### ABOUT THIS EXERCISE
Pictures aside, can you reproduce the records word for word?

+ + + + + + +

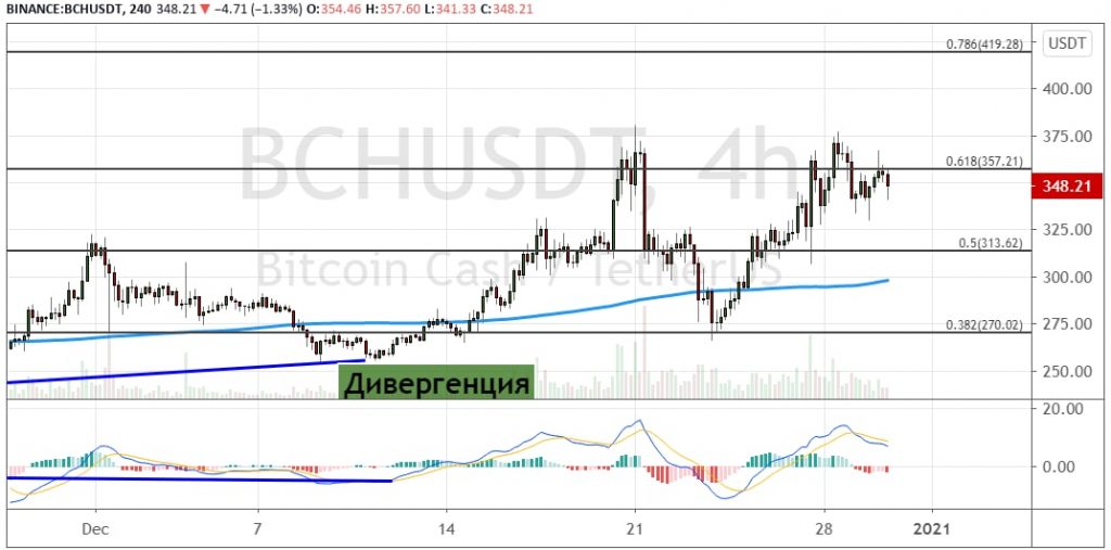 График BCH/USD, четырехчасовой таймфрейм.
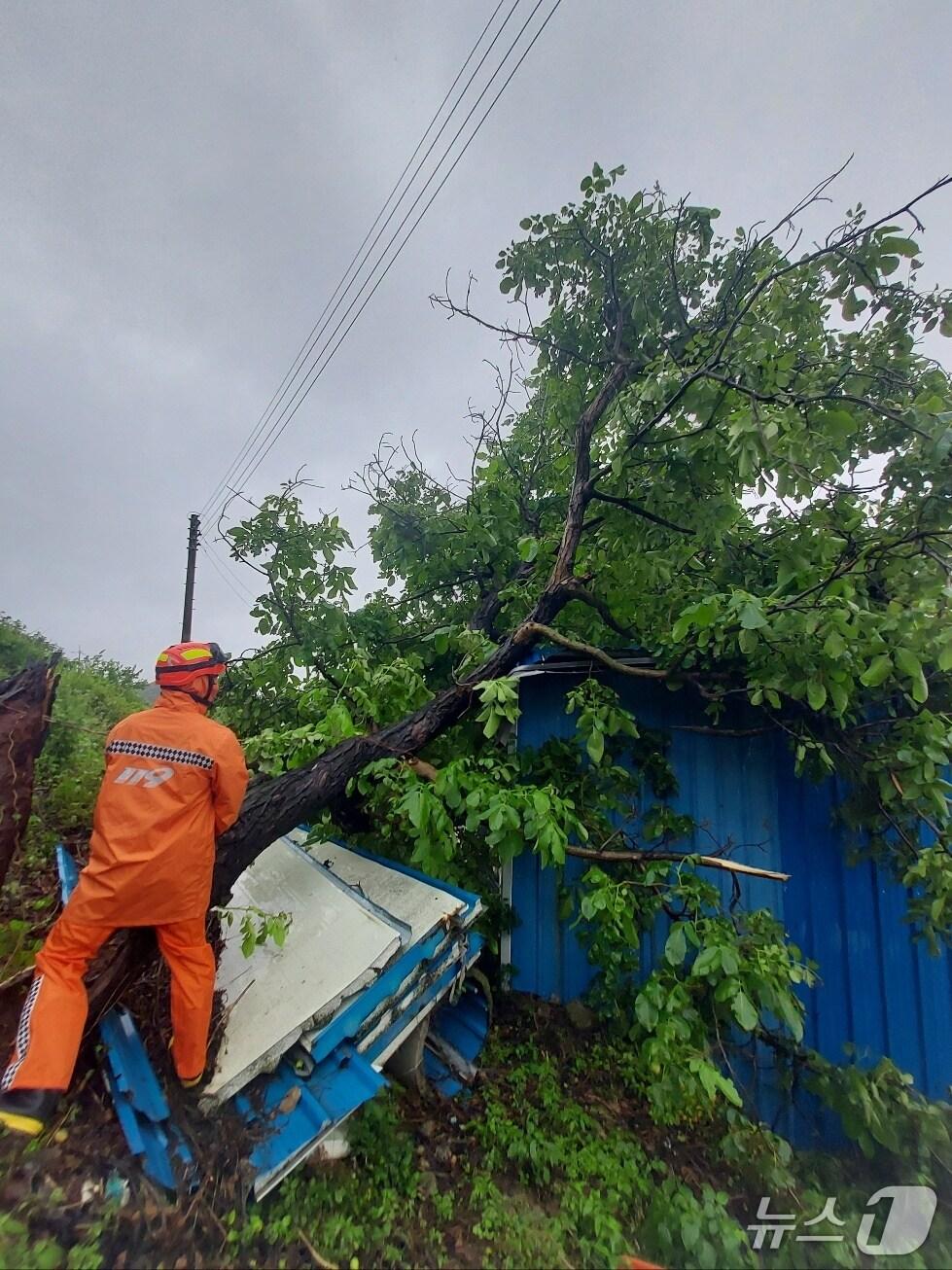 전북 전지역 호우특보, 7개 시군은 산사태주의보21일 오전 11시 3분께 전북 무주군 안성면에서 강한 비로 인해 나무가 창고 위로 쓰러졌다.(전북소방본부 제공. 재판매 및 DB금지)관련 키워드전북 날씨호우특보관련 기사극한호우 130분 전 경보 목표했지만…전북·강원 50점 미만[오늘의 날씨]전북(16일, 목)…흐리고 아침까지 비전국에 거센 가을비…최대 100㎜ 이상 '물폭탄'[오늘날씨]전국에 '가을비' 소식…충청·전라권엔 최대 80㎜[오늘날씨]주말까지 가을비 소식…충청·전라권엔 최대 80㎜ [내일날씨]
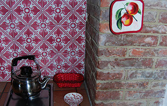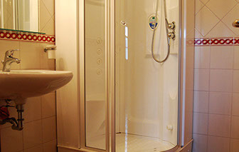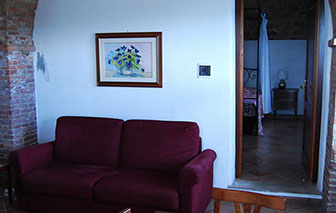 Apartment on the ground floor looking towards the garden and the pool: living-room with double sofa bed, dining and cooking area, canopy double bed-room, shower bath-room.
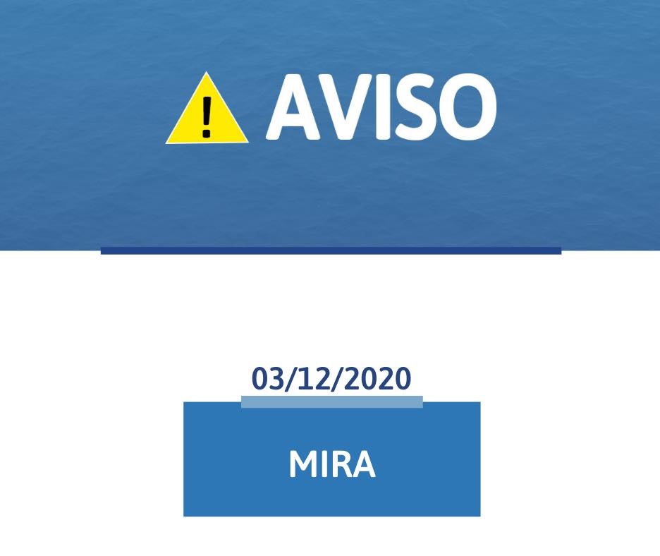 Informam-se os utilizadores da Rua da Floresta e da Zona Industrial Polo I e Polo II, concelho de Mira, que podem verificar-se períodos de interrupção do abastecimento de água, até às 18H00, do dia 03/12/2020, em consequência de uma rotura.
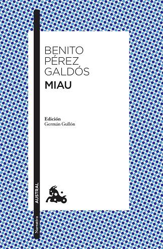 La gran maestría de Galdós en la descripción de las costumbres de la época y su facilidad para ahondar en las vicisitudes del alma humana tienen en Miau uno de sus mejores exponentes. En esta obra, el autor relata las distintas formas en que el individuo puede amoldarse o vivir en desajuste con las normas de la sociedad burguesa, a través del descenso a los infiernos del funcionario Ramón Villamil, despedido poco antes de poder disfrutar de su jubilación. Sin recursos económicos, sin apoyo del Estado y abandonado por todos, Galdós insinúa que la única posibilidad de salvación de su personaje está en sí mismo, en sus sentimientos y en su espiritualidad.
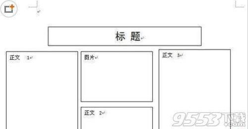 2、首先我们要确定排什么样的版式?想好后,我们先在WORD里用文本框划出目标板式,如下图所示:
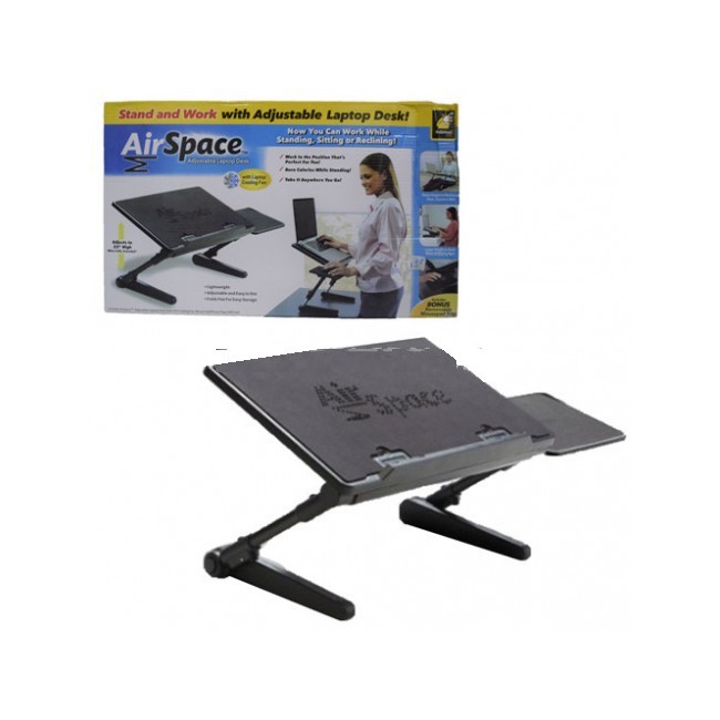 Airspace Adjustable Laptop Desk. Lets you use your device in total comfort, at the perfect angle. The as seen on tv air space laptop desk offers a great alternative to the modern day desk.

+ + + + + + +

### RESPONSE TO THIS EXERCISE
 График BCH/USD, четырехчасовой таймфрейм.
 전북 전지역 호우특보, 7개 시군은 산사태주의보21일 오전 11시 3분께 전북 무주군 안성면에서 강한 비로 인해 나무가 창고 위로 쓰러졌다.(전북소방본부 제공. 재판매 및 DB금지)관련 키워드전북 날씨호우특보관련 기사극한호우 130분 전 경보 목표했지만…전북·강원 50점 미만[오늘의 날씨]전북(16일, 목)…흐리고 아침까지 비전국에 거센 가을비…최대 100㎜ 이상 '물폭탄'[오늘날씨]전국에 '가을비' 소식…충청·전라권엔 최대 80㎜[오늘날씨]주말까지 가을비 소식…충청·전라권엔 최대 80㎜ [내일날씨]
 Apartment on the ground floor looking towards the garden and the pool: living-room with double sofa bed, dining and cooking area, canopy double bed-room, shower bath-room.
 Informam-se os utilizadores da Rua da Floresta e da Zona Industrial Polo I e Polo II, concelho de Mira, que podem verificar-se períodos de interrupção do abastecimento de água, até às 18H00, do dia 03/12/2020, em consequência de uma rotura.
 La gran maestría de Galdós en la descripción de las costumbres de la época y su facilidad para ahondar en las vicisitudes del alma humana tienen en Miau uno de sus mejores exponentes. En esta obra, el autor relata las distintas formas en que el individuo puede amoldarse o vivir en desajuste con las normas de la sociedad burguesa, a través del descenso a los infiernos del funcionario Ramón Villamil, despedido poco antes de poder disfrutar de su jubilación. Sin recursos económicos, sin apoyo del Estado y abandonado por todos, Galdós insinúa que la única posibilidad de salvación de su personaje está en sí mismo, en sus sentimientos y en su espiritualidad.
 2、首先我们要确定排什么样的版式?想好后,我们先在WORD里用文本框划出目标板式,如下图所示:
 Airspace Adjustable Laptop Desk. Lets you use your device in total comfort, at the perfect angle. The as seen on tv air space laptop desk offers a great alternative to the modern day desk.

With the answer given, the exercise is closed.